Try increasing ‘adapt_delta’ to remove the divergences.
Tree depth:
0 of 4000 iterations saturated the maximum tree depth of 14.
Energy:
E-BFMI indicated no pathological behavior…

when I run the model like this

fit ← stan(model_code= model1,
data = school,
chains=4, iter=2000, refresh=0,
seed=12345, cores = 6,
init = “random”,
control=list(stepsize=0.001, adapt_delta=0.9999, max_treedepth = 14)

Just to make sure I understand your parameter block

parameters {
real mu; // location
real<lower=0> tau; // measurement of noise
real<lower=0> dvar[J]; // unknown variance of test scores
real<lower=0, upper=1> theta[J]; // ??
}
EDIT: Figured out theta. Sorry!

So on your stan model I’d recommend loading up the bayesplot library and taking a look at the following plots

posterior_fit ← as.array(fit)
np_fit ← nuts_params(fit)
head(np_fit)

color_scheme_set(“darkgray”)
mcmc_parcoord(posterior_fit, np = np_fit, regex_pars = c(“dvar”))
mcmc_parcoord(posterior_fit, np = np_fit, regex_pars = c(“theta”))
mcmc_parcoord(posterior_fit, np = np_fit, regex_pars = c(“tau”,“theta”))
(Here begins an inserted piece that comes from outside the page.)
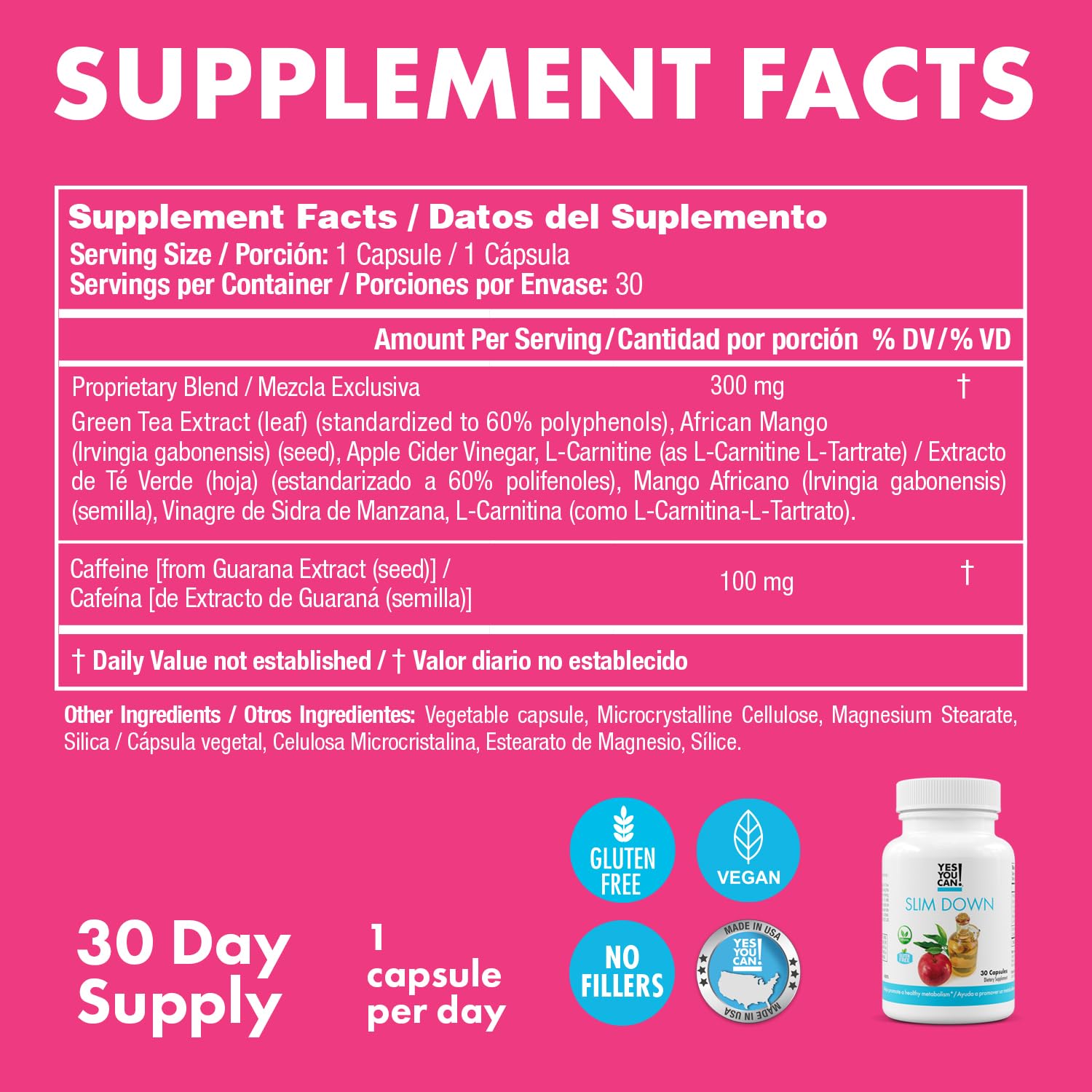 - GREAT VALUE: At Yes You Can!, we believe in providing people with highly nutritious supplements at great value. That's why each Slim Down vitamin bottle contains thirty (30) easy-to-take capsules for a one (1) month supply.

color_scheme_set(“mix-blue-pink”)
p ← mcmc_trace(posterior_fit, pars = c(“mu”, “tau”), n_warmup = 300,
facet_args = list(nrow = 2, labeller = label_parsed))
p + facet_text(size = 15)

mcmc_pairs(posterior_fit, np = np_fit, pars = c(“mu”,“tau”,“theta[1]”),
off_diag_args = list(size = 0.75))

So I think there is some issues with tau if I am reading these plots correctly?